Looking for a campsite in Bay of Roses for beginning of October near to Roses town.


----------



## bognormike (May 10, 2005)

where is that? or do you mean Roses in Sapin?


----------



## rosalan (Aug 24, 2009)

I found nothing on Campsite reviews here and the nearest ACSI camp is 2km from beach and Rosas is >12k.
Pot luck should not be a problem, go and have a look.
If you do not already use ACSI you should check it out.

Alan


----------



## tonka (Apr 24, 2006)

As above Do you mean Spain not France ???
if so we used to stay here
http://www.campingsalata.com/en/campsites-in-roses/rates

15 mins walk into town...

site helper note - moved to Sapin touring from France


----------



## tonka (Apr 24, 2006)

rosalan said:


> I found nothing on Campsite Reviews here a
> 
> Alan


When we used to spend more time in that area I definately remember doing a review on Salata in Roses !!! Where has that gone then..


----------



## bulawayolass (Jul 27, 2010)

look for Ampuriabrave skydiving nearby they have a site and think they allow non jumpers


----------



## Garcia (Mar 5, 2010)

Empuriabrava skydiving has changed management and the new owners do not approve of wild campers with no business at the skydiving centre (tho people were still staying there when we last went in Spring).
We were told the nearby open space under the trees was unsafe at night.
We ended up staying at the west end of the town behind the seafront ...and in October I guess it would be quiet there. Certainly we were not bothered at all there.
There is a campsite on the other side of the river here. I know of nothing closer to Roses town. ...which I found to be a VERY dog UNfrienfly town!!
GARCIA


----------



## amydan (Sep 8, 2009)

*Campsite Bay of Roses*

Thanks Tonka saw that site thought it was further away from town


----------



## tonka (Apr 24, 2006)

*Re: Campsite Bay of Roses*



amydan said:


> Thanks Tonka saw that site thought it was further away from town


From memory you can walk out and down a side st to the seafront and then walk up to town.. It cant be far as I would have remembered my wife moaning :lol:


----------



## bulawayolass (Jul 27, 2010)

:-( been bought by sheik that owns emirate airlines and skydive dubai l knew a lot of changes going on there...not for the better it seems


----------



## peedee (May 10, 2005)

If you check out Google Earth you will find plenty of camp sites in the Bay of Roses.
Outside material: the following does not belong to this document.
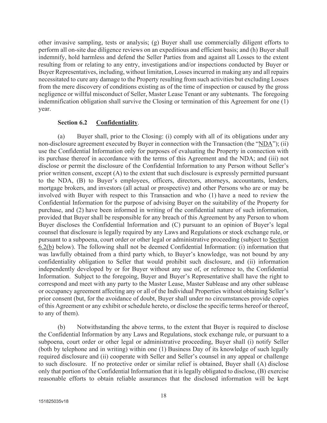 18 151825035v18 other invasive sampling, tests or analysis; (g) Buyer shall use commercially diligent efforts to perform all on-site due diligence reviews on an expeditious and efficient basis; and (h) Buyer shall indemnify, hold harmless and defend the Seller Parties from and against all Losses to the extent resulting from or relating to any entry, investigations and/or inspections conducted by Buyer or Buyer Representatives, including, without limitation, Losses incurred in making any and all repairs necessitated to cure any damage to the Property resulting from such activities but excluding Losses from the mere discovery of conditions existing as of the time of inspection or caused by the gross negligence or willful misconduct of Seller, Master Lease Tenant or any subtenants. The foregoing indemnification obligation shall survive the Closing or termination of this Agreement for one (1) year. Section 6.2 Confidentiality. (a) Buyer shall, prior to the Closing: (i) comply with all of its obligations under any non-disclosure agreement executed by Buyer in connection with the Transaction (the “NDA”); (ii) use the Confidential Information only for purposes of evaluating the Property in connection with its purchase thereof in accordance with the terms of this Agreement and the NDA; and (iii) not disclose or permit the disclosure of the Confidential Information to any Person without Seller’s prior written consent, except (A) to the extent that such disclosure is expressly permitted pursuant to the NDA, (B) to Buyer’s employees, officers, directors, attorneys, accountants, lenders, mortgage brokers, and investors (all actual or prospective) and other Persons who are or may be involved with Buyer with respect to this Transaction and who (1) have a need to review the Confidential Information for the purpose of advising Buyer on the suitability of the Property for purchase, and (2) have been informed in writing of the confidential nature of such information, provided that Buyer shall be responsible for any breach of this Agreement by any Person to whom Buyer discloses the Confidential Information and (C) pursuant to an opinion of Buyer’s legal counsel that disclosure is legally required by any Laws and Regulations or stock exchange rule, or pursuant to a subpoena, court order or other legal or administrative proceeding (subject to Section 6.2(b) below). The following shall not be deemed Confidential Information: (i) information that was lawfully obtained from a third party which, to Buyer’s knowledge, was not bound by any confidentiality obligation to Seller that would prohibit such disclosure, and (ii) information independently developed by or for Buyer without any use of, or reference to, the Confidential Information. Subject to the foregoing, Buyer and Buyer’s Representative shall have the right to correspond and meet with any party to the Master Lease, Master Sublease and any other sublease or occupancy agreement affecting any or all of the Individual Properties without obtaining Seller’s prior consent (but, for the avoidance of doubt, Buyer shall under no circumstances provide copies of this Agreement or any exhibit or schedule hereto, or disclose the specific terms hereof or thereof, to any of them). (b) Notwithstanding the above terms, to the extent that Buyer is required to disclose the Confidential Information by any Laws and Regulations, stock exchange rule, or pursuant to a subpoena, court order or other legal or administrative proceeding, Buyer shall (i) notify Seller (both by telephone and in writing) within one (1) Business Day of its knowledge of such legally required disclosure and (ii) cooperate with Seller and Seller’s counsel in any appeal or challenge to such disclosure. If no protective order or similar relief is obtained, Buyer shall (A) disclose only that portion of the Confidential Information that it is legally obligated to disclose, (B) exercise reasonable efforts to obtain reliable assurances that the disclosed information will be kept
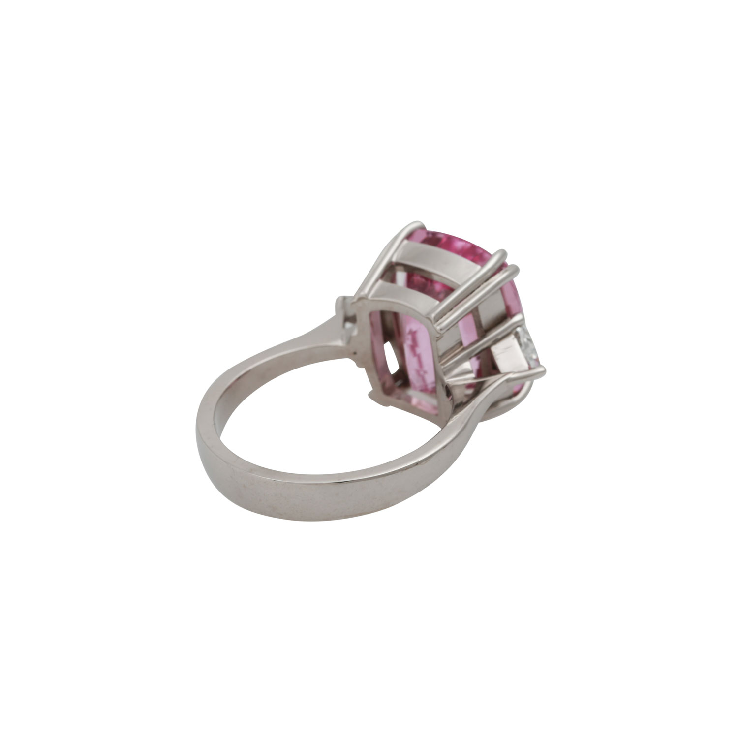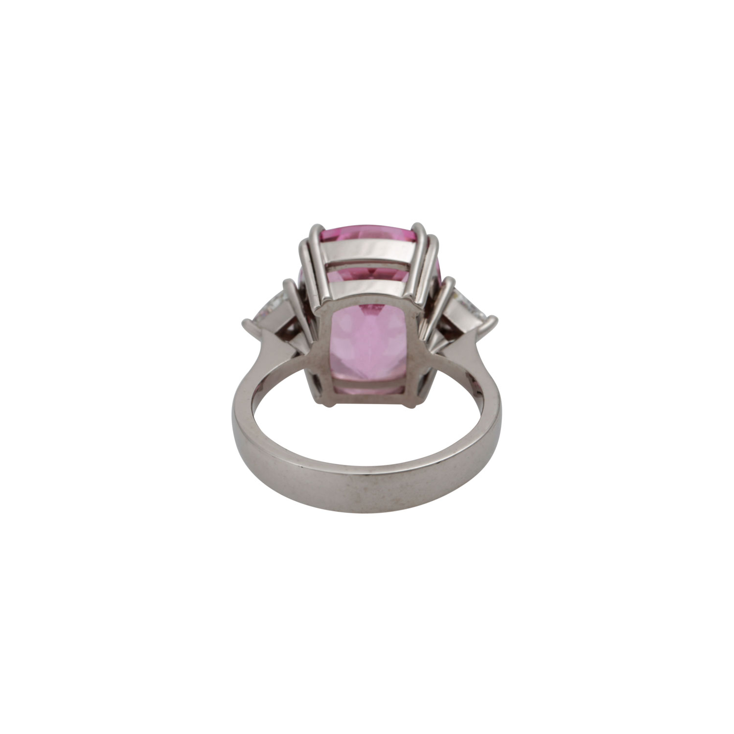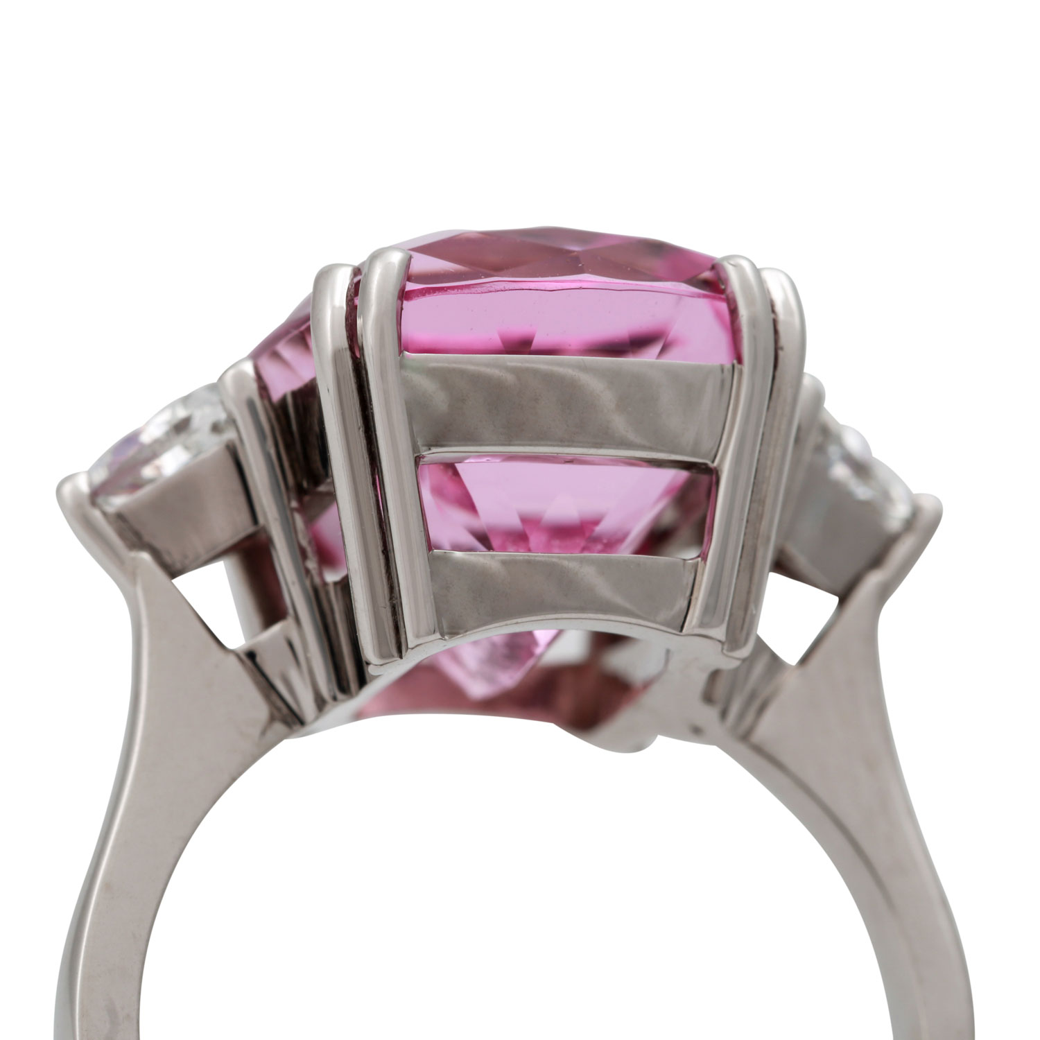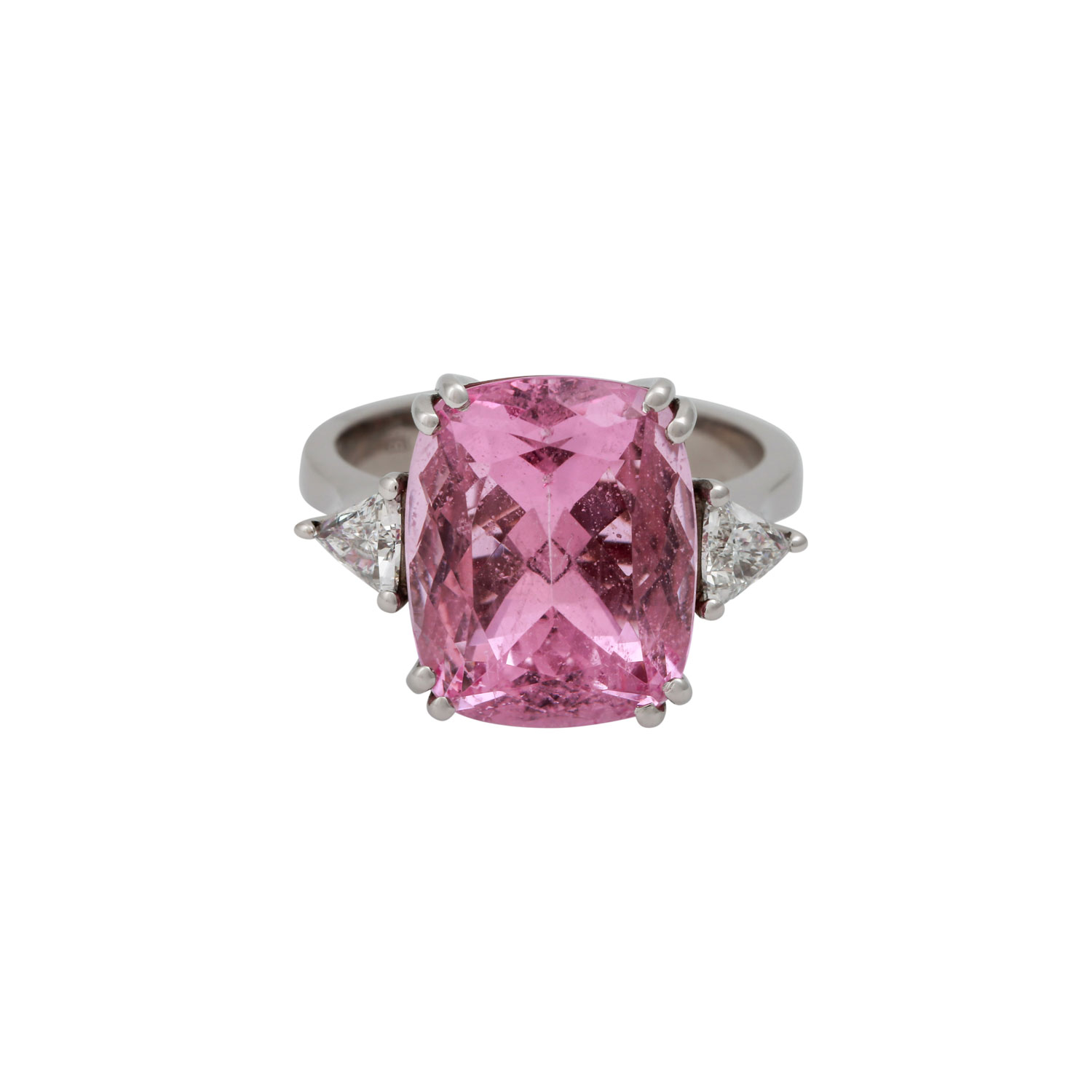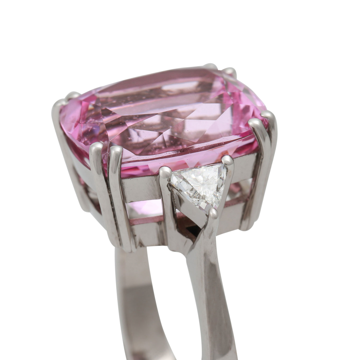 Solitaire ring with 1 very fine, pink morganite 9,95 cts. with DSEF-expertize and 2 diamond-triangles approx. 0,40 ct. FW/VSI.

Not been to any of them so cannot myself recommend one but Las Dunas is very popular with many and considering trying it next year.

peedee


----------



## peedee (May 10, 2005)

If you check out Google Earth you will find plenty of camp sites in the Bay of Roses. Not been to any of them so cannot myself recommend one but Las Dunas is very popular with many and considering trying it next year.

peedee


----------



## torrhead (Oct 20, 2007)

*Camp site in Roses*

Hi Amydan, have been to Roses in June 2012, I was looking for a camp site called Rodas only to find it was a victim of the bad times and had closed, driving away from there I came across another site close by, within view, called " Salata" it was OK, the internal rds. were covered in sand which got in everywhere, no sign of the sea/beach from the site and at E30+ per night I thought was a bit expensive for low season, how ever it might suit your needs as it is within easy walking distance of the town centre. wifi was free in the bar area, fresh water was C 50 for 15 ltrs. This site is in the acsi book but there is no discount given for acsi members. I don't know of any other sites in Roses.


----------



## ChaseTracker (Aug 22, 2012)

Stayed for a couple of nights in January on a site about 20 min's walk along the seafront at Roses, site was called "Camping Joncar Mar".
The site is split into two by a road, the winter price was 14.60 euros. Not a great site but ok and only 200 yards from the beach. Hope this helps, have fun.


----------